On Wed, Apr 18, 2007 at 11:53:34AM +0200, Ingo Molnar wrote:
> 
> * Nick Piggin <npiggin@suse.de> wrote:
> 
> > So looking at elapsed time, a granularity of 100ms is just behind the 
> > mainline score. However it is using slightly less user time and 
> > slightly more idle time, which indicates that balancing might have got 
> > a bit less aggressive.
> > 
> > But anyway, it conclusively shows the efficiency impact of such tiny 
> > timeslices.
> 
> yeah, the 4% drop in a CPU-cache-sensitive workload like kernbench is 
> not unexpected when going to really frequent preemption. Clearly, the 
> default preemption granularity needs to be tuned up.
> 
> I think you said you measured ~3msec average preemption rate per CPU? 

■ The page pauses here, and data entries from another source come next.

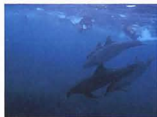
野生のイルカたちとの出会い
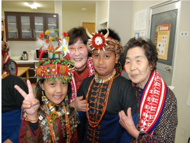
泰武國小古謠傳唱隊，赴日慰問當地受災長者
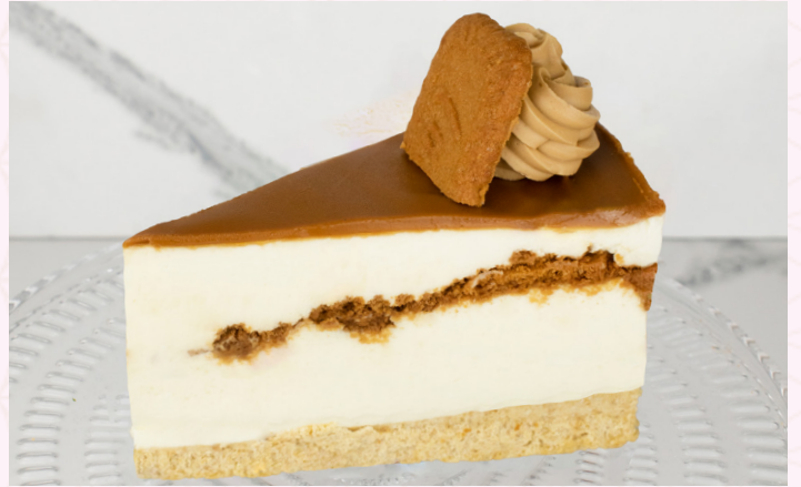
تشيز كيك بيسكوف لوتس (Calories 285) 32 S.R. BISCOFF LOTUS CHEESECAKE 32 S.R.
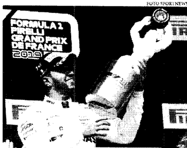
Triunfo leva Hamilton aos 187 pontos na classificação. Inglês abriu ainda mais a vantagem sobre o finlandês Bottas, que tem 151

Nem mesmo quando parou para trocar os pneus, Hamilton perdeu posição.
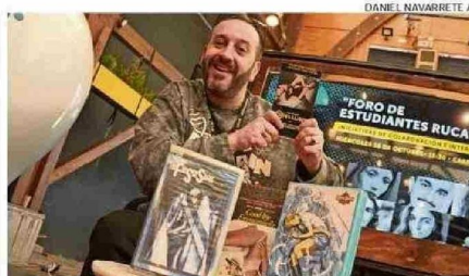
EL PERIODISTA ROCKSTAR TRAJÓ TÍTULOS ERÓTICOS Y DE ANIMÉ.
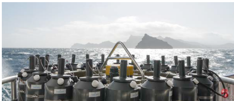
Cap Verden Inseln im Morgendunst nach dem Auslaufen

Am Montag den 17. März verließen wir pünktlich um 09:00 den Hafen von Mindelo. Damit begann eine weitere
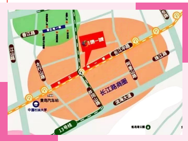
“长江地一城”项目区位图

“长江地一城”项目无疑作出了积极探索和有益尝试。一座既能完善城市功能,又能满足社会需求的特色街区,一个极具海洋特色的“不夜城”超级城市IP,在西海岸新区呼之欲出!
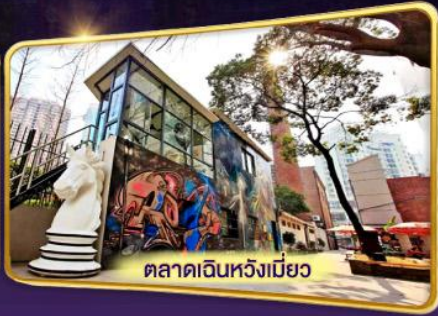
ตลาดเงินหวังเปียว
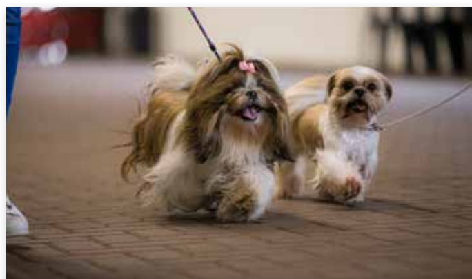
Vrolijke deelname aan de looptest

Bij alle rassen zijn er honden zonder een enkele aanwijzing van ademhalingsproblemen, maar ook honden met (kleine en grotere) problemen gevonden. Het was daarmee dus echt een dwarsdoorsnede van de populatie. Voor sommige eigenaren was de uitslag even schrikken, zij hadden niet verwacht dat hun hond
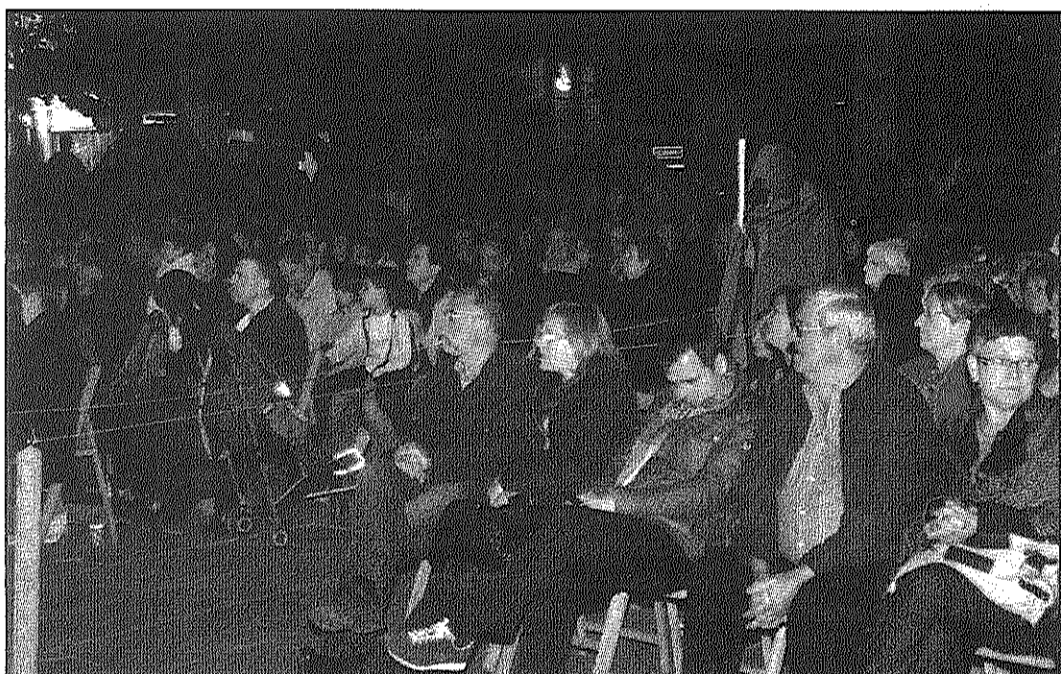
El nou emplaçament va permetre que alguns personatges sortissin entre el públic (AdBM)

This was just looking at ctxsw numbers from running 2 cpu hogs on the
same runqueue.

> That would suggest the average cache-trashing cost was 120 usecs per 
> every 3 msec window. Taking that as a ballpark figure, to get the 
> difference back into the noise range we'd have to either use ~5 msec:
> 
>     echo 5000000 > /proc/sys/kernel/sched_granularity
> 
> or 15 msec:
> 
>     echo 15000000 > /proc/sys/kernel/sched_granularity
> 
> (depending on whether it's 5x 3msec or 5x 1msec - i'm still not sure i 
> correctly understood your 3msec value. I'd have to know your kernbench 
> workload's approximate 'steady state' context-switch rate to do a more 
> accurate calculation.)

The kernel compile (make -j8 on 4 thread system) is doing 1800 total
context switches per second (450/s per runqueue) for cfs, and 670
for mainline. Going up to 20ms granularity for cfs brings the context
switch numbers similar, but user time is still a % or so higher. I'd
be more worried about compute heavy threads which naturally don't do
much context switching.

Some other numbers on the same system
Hackbench:	2.6.21-rc7	cfs-v2 1ms[*]	nicksched
10 groups: Time: 1.332		0.743		0.607
20 groups: Time: 1.197		1.100		1.241
30 groups: Time: 1.754		2.376		1.834
40 groups: Time: 3.451		2.227		2.503
50 groups: Time: 3.726		3.399		3.220
60 groups: Time: 3.548		4.567		3.668
70 groups: Time: 4.206		4.905		4.314
80 groups: Time: 4.551		6.324		4.879
90 groups: Time: 7.904		6.962		5.335
100 groups: Time: 7.293		7.799		5.857
110 groups: Time: 10.595	8.728		6.517
120 groups: Time: 7.543		9.304		7.082
130 groups: Time: 8.269		10.639		8.007
140 groups: Time: 11.867	8.250		8.302
150 groups: Time: 14.852	8.656		8.662
160 groups: Time: 9.648		9.313		9.541

Mainline seems pretty inconsistent here.

lmbench 0K ctxsw latency bound to CPU0:
tasks
2		2.59		3.42		2.50
4		3.26		3.54		3.09
8		3.01		3.64		3.22
16		3.00		3.66		3.50
32		2.99		3.70		3.49
64		3.09		4.17		3.50
128		4.80		5.58		4.74
256		5.79		6.37		5.76

cfs is noticably disadvantaged.

[*] 500ms didn't make much difference in either test.